Woaaaaa...dont confuse this with the bennie Rhizopus which produces chitosan and synergizes with other bennies.
This write up makes compost not worth it. You can get the same results without such effort. I just took a note from mushroom cultivation and applied that to bennie cultivation. Works well, and is easy. Grow complex bennie cultures on steril substrate. Also, I have a selective sub for a particular fungi/bacteria system; works well with a quick open air microwave pasteurization. Basically, your bennies at the hydro shop for cents on the dollar applied at enormously higher rates serving as organic nutes for the plant.
Also, I am growing compost measured at 150-170 for +7 days now. Observed wild fire fang just happening randomly (mixed the sub on the ground because dust actually is a good source of thermophiles). It is mildly anaerobic and smells of horse dung. My compost is derived from saprophytic bacterial bennies (many bennies are mutant phenos of standard bacteria, so heat up your plant enhancing bennies for superposting)
Originally Posted by TheNewGuy2012
BEWARE THE Cobweb Mold!!!
Cobweb mold or Dactylium Mildew (Hypomyces sp.)
A cottony mycelium grows over casing. When it contacts a mushroom, the mycelium soon envelopes the mushroom with a soft mildewy mycelium and causes a soft rot. It is also a parasite of wild mushrooms.
Cobweb mold is darker than mycelium... almost grey as compared to white. The difference in color is sometimes hard to tell for somebody that hasn't seen them side by side before. Cobweb has several other indicators... the one that sticks out is the speed of growth. A small patch the size of a dime will spread to cover an entire jar/casing in just a day or two. Cobweb is also very very fine strands, while mycelium tends to be thicker ropes.
Cobweb mold is favored by high humidity.

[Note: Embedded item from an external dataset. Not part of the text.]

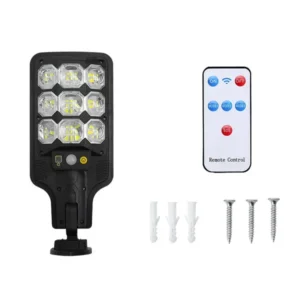 Kábelt nem igénylő, napelemes világítás, amely automatikusan reagál a mozgásra és az alkonyatra, így energiatakarékosan növeli az udvar biztonságát és kényelmét, miközben nulla üzemeltetési költséget jelent; a mellékelt távirányítóval bármikor egyszerűen válthat a három fényerő-mód között, illetve teljesen ki- vagy bekapcsolhatja a lámpát.
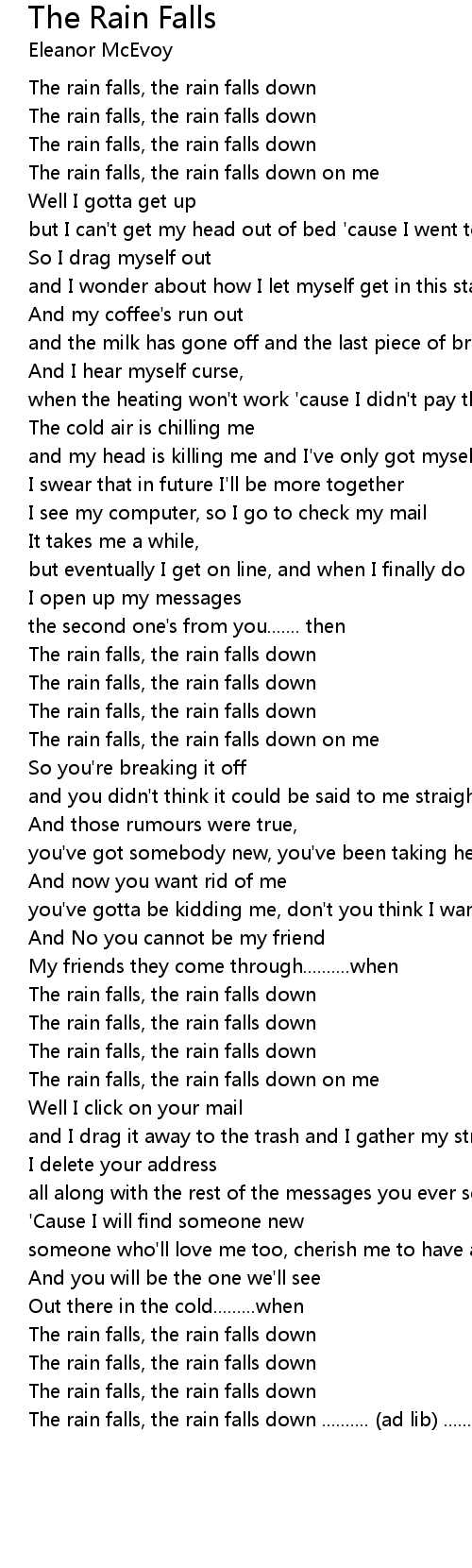 The rain falls, the rain falls down .......... (ad lib) ..........on me |

Control strategies include lowering humidity and /or increasing air circulation.
Why is ammonia bad? I use it a lot and favor ammonia sources in flower. Never liked high nitrate formula. I get the pH thing, but that is easily managed.
The air and compost temps are held at 135-140f for 2-6 hours. The purpose of pasteurization is to kill or neutralize all harmful organisms in the compost, compost container and the room. These are mainly nematodes, eggs and larvae of flies, mites, harmful fungi and their spores. The length of time needed generally depends o the depth of fill. Deeper compost layers require more time than shallow ones. In general, two hours at 140F is sufficient. Compost temperatures above 140F must be avoided because the inactivate fungi and actinomycetes while at the same time stimulating the ammonifying bacteria. If temps do go above 140F, be sure there is a generous supply of fresh air.